Currently, vendors have no incentive to comply with procurement accessibility requirements. Strengthening the procurement law by providing for vendor penalties will demonstrate the importance of the requirement to the vendor. Reasonable penalties such as the following will not have a detrimental impact on the vendor but will achieve the goal of nonvisual access.


  1. Requiring that all state contracts with vendors shall include a provision that, upon a determination within eighteen months from procurement or latest upgrade, if any access barriers are present, the CATO shall notify the vendor of such access barriers, and the vendor shall be required to remediate those barriers.

  2. Requiring the CATO to notify the vendor of the access barrier in writing at the vendor’s place of business and require the vendor, at the vendor's own expense, to remedy the defect. Should the vendor fail to remediate the access barrier within twelve months from the date of notice, a civil penalty shall be applied at the rate of 1% of the total purchase price of the contract for each day until the problem is remediated, or until the full price of the contract is refunded.

Vendors should not object because they have a year to fix the problem before any penalty is invoked. Placing a cap on the penalty which is the price of the contract, is fair to the vendor while helping the state to recoup its losses.

  • The procurement law needs to be updated to accommodate technology changes.


Technology has improved and changed dramatically since the nonvisual access requirements in the procurement law was enacted in 2000. During these seventeen years, technologies have become more powerful and cheaper. For example, instead of buying a desktop system for thousands of dollars, customers can purchase an iPad Pro for $600. Currently, the procurement law allows a vendor to ask for an exemption to the nonvisual access requirement if adding the accessibility features would cost an additional 5%. Since it is cheaper to produce technology, the cost this exemption is too low. Raising the exemption to 15% would be a more reasonable reflection of the actual accessibility cost, and it is still fair to the vendor. Raising the exemption to 15% will close the flood gates that currently permit vendors to opt out of accessibility requirements.

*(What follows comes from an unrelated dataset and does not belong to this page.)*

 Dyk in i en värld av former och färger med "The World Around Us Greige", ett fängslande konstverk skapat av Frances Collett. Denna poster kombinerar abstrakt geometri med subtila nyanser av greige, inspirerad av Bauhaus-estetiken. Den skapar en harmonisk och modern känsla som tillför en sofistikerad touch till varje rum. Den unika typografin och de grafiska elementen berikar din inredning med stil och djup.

The state of Maryland adopted the federal government’s section 508 nonvisual accessibility standards as its standards of operation. Since the federal government has recently updated these standards, the state of Maryland should adopt the same updates by January 1, 2018. This is a reasonable timeline because the standards already exist.



Nonvisual access to public information provided by the state of Maryland should be improving because the knowledge and tools now exist to provide greater access. According to state and federal laws, Maryland is not supposed to purchase information and communication technology products or services that are not accessible to the blind. Blind citizens do not currently have the same access to information as the rest of the general public, because Maryland does not enforce its laws. Maryland should be a model employer of persons with disabilities. However, Maryland ignores the accessibility laws and blind workers do not have the tools to perform their jobs efficiently. It is time to strengthen the procurement law so that nonvisual access becomes a reality.